Task objective
Two lines below mark the span: the one containing "Accueil > Contre" and the one containing "Négyrészes, elcsúsztatható negyedköríves". Set down both, plus every line between, exactly as they stand, and nothing else.

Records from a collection
········

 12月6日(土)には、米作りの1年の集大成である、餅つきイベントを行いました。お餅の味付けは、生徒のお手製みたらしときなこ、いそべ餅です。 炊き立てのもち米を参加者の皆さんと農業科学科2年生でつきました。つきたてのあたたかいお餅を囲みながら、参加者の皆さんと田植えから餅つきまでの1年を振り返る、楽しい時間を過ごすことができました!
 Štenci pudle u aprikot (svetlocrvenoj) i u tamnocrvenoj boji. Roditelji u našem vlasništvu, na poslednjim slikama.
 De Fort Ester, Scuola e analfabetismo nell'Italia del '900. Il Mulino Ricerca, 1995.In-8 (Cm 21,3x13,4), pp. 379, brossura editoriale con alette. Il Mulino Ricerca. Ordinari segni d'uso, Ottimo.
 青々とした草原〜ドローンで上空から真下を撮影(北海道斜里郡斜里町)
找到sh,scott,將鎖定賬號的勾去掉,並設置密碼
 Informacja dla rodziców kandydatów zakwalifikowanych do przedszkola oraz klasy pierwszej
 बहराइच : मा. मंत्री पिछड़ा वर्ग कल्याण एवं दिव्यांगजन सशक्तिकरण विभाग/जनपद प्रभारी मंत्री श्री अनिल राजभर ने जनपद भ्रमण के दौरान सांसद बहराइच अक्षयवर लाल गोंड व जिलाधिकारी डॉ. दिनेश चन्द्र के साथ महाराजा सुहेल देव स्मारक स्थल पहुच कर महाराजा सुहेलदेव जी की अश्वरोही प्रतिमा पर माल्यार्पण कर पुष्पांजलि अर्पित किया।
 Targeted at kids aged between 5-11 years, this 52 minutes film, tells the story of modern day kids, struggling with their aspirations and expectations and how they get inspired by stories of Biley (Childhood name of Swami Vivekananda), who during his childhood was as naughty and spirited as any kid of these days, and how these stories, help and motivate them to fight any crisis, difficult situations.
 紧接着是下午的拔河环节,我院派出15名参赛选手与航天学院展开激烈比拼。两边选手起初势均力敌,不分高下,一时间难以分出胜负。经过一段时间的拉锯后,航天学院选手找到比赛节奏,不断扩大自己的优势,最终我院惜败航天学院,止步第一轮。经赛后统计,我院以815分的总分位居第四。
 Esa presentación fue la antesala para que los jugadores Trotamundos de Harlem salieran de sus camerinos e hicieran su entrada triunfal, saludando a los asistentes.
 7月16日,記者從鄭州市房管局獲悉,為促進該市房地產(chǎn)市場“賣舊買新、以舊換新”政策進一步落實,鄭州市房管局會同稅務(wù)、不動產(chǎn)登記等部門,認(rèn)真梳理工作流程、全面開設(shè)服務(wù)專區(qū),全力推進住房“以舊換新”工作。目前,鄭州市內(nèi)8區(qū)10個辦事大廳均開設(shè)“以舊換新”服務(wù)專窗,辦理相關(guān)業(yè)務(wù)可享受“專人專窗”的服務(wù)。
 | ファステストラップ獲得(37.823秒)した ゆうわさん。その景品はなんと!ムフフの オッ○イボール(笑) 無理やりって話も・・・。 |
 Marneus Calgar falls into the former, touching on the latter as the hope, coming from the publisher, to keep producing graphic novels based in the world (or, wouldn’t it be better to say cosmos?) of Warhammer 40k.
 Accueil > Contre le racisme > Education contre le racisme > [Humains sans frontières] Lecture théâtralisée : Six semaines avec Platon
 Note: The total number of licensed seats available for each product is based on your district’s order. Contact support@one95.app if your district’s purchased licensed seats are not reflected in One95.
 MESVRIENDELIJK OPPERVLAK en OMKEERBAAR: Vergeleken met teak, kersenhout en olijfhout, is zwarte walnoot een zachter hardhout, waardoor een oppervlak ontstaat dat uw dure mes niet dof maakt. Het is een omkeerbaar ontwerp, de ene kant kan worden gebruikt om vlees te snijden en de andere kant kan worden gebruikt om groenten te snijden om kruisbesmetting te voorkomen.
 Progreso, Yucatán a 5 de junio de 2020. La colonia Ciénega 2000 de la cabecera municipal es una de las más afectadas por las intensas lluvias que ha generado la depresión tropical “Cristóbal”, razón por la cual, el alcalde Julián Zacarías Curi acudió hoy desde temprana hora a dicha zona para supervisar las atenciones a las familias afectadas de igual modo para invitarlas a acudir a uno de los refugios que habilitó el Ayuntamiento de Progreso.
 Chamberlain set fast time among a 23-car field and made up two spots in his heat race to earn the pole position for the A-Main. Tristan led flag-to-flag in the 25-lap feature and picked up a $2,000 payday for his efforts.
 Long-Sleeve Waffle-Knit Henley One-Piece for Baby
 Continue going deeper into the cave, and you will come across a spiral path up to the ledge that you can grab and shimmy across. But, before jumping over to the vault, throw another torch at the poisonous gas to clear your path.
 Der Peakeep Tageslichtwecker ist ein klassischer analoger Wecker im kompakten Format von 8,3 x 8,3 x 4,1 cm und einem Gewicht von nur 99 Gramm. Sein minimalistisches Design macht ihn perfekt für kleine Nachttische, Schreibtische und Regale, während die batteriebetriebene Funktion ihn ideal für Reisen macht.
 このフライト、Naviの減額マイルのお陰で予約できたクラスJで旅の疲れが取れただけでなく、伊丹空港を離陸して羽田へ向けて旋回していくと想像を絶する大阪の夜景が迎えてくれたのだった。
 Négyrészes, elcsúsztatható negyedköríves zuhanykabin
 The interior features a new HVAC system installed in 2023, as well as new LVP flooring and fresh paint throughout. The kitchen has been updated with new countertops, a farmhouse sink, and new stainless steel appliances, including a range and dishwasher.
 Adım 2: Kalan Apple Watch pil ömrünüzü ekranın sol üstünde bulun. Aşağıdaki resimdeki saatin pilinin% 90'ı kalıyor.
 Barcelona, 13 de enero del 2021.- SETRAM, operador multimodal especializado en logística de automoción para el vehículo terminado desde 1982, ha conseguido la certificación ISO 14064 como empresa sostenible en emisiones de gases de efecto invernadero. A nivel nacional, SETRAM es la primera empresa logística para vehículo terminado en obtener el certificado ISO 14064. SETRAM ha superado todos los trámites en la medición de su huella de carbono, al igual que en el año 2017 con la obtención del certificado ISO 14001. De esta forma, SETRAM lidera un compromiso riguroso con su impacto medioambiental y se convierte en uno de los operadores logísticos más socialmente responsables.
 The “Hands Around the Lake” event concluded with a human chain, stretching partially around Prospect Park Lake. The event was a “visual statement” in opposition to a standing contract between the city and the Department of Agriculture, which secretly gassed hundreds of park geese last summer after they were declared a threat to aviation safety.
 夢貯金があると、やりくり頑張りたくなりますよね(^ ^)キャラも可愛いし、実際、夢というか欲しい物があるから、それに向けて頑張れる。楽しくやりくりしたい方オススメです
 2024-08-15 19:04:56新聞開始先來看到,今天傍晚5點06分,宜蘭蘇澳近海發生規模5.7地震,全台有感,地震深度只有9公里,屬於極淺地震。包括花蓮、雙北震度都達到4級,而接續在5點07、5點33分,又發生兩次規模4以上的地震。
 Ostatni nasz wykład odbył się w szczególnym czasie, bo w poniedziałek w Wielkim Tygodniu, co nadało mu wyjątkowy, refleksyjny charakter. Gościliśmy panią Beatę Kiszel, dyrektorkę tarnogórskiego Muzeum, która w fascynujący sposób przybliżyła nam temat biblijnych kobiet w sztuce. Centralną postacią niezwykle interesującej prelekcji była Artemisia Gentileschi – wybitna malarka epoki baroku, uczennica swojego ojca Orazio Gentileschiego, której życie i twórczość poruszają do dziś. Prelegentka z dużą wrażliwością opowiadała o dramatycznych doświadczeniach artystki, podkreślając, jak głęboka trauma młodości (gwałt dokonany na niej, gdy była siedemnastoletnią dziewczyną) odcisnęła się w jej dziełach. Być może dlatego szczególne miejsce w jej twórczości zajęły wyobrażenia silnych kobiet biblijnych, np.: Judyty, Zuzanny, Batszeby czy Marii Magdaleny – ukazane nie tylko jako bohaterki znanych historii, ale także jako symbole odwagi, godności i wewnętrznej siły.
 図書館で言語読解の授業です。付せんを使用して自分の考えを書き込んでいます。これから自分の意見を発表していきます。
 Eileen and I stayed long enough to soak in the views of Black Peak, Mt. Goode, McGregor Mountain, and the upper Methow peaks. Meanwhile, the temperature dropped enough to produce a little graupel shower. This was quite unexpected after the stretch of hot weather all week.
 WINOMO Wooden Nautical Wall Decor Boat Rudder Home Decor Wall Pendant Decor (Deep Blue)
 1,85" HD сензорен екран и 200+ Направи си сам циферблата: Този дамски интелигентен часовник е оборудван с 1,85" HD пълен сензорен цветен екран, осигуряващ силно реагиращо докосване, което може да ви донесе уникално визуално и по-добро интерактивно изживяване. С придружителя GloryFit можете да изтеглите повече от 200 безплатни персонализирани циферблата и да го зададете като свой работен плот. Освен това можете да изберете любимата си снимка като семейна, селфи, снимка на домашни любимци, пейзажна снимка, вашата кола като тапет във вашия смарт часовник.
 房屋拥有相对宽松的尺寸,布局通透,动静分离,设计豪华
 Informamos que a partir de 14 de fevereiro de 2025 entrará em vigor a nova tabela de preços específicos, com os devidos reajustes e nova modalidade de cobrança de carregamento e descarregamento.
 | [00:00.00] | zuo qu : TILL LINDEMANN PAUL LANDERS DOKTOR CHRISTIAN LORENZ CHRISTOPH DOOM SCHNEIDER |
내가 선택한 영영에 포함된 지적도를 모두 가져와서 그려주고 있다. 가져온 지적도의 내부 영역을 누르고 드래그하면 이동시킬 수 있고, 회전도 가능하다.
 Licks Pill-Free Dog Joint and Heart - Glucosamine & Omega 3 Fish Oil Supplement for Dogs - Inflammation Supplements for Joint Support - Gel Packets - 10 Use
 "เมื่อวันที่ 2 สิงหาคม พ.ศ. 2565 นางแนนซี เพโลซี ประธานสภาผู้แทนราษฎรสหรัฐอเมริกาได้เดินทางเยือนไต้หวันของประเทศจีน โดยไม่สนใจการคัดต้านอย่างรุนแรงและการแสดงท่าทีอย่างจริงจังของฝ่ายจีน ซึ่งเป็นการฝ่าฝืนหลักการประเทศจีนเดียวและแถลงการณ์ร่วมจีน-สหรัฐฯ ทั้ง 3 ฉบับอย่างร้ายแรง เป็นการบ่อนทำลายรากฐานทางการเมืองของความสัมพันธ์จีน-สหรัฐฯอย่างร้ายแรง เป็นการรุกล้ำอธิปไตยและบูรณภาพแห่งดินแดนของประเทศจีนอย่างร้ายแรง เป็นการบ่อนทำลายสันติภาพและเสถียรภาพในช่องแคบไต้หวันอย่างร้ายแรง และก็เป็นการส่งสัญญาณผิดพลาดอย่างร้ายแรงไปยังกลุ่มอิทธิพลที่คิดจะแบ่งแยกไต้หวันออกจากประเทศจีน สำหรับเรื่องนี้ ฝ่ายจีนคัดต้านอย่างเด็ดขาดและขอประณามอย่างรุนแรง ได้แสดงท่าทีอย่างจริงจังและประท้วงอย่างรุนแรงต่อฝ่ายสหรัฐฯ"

········

Response
 Accueil > Contre le racisme > Education contre le racisme > [Humains sans frontières] Lecture théâtralisée : Six semaines avec Platon
 Note: The total number of licensed seats available for each product is based on your district’s order. Contact support@one95.app if your district’s purchased licensed seats are not reflected in One95.
 MESVRIENDELIJK OPPERVLAK en OMKEERBAAR: Vergeleken met teak, kersenhout en olijfhout, is zwarte walnoot een zachter hardhout, waardoor een oppervlak ontstaat dat uw dure mes niet dof maakt. Het is een omkeerbaar ontwerp, de ene kant kan worden gebruikt om vlees te snijden en de andere kant kan worden gebruikt om groenten te snijden om kruisbesmetting te voorkomen.
 Progreso, Yucatán a 5 de junio de 2020. La colonia Ciénega 2000 de la cabecera municipal es una de las más afectadas por las intensas lluvias que ha generado la depresión tropical “Cristóbal”, razón por la cual, el alcalde Julián Zacarías Curi acudió hoy desde temprana hora a dicha zona para supervisar las atenciones a las familias afectadas de igual modo para invitarlas a acudir a uno de los refugios que habilitó el Ayuntamiento de Progreso.
 Chamberlain set fast time among a 23-car field and made up two spots in his heat race to earn the pole position for the A-Main. Tristan led flag-to-flag in the 25-lap feature and picked up a $2,000 payday for his efforts.
 Long-Sleeve Waffle-Knit Henley One-Piece for Baby
 Continue going deeper into the cave, and you will come across a spiral path up to the ledge that you can grab and shimmy across. But, before jumping over to the vault, throw another torch at the poisonous gas to clear your path.
 Der Peakeep Tageslichtwecker ist ein klassischer analoger Wecker im kompakten Format von 8,3 x 8,3 x 4,1 cm und einem Gewicht von nur 99 Gramm. Sein minimalistisches Design macht ihn perfekt für kleine Nachttische, Schreibtische und Regale, während die batteriebetriebene Funktion ihn ideal für Reisen macht.
 このフライト、Naviの減額マイルのお陰で予約できたクラスJで旅の疲れが取れただけでなく、伊丹空港を離陸して羽田へ向けて旋回していくと想像を絶する大阪の夜景が迎えてくれたのだった。
 Négyrészes, elcsúsztatható negyedköríves zuhanykabin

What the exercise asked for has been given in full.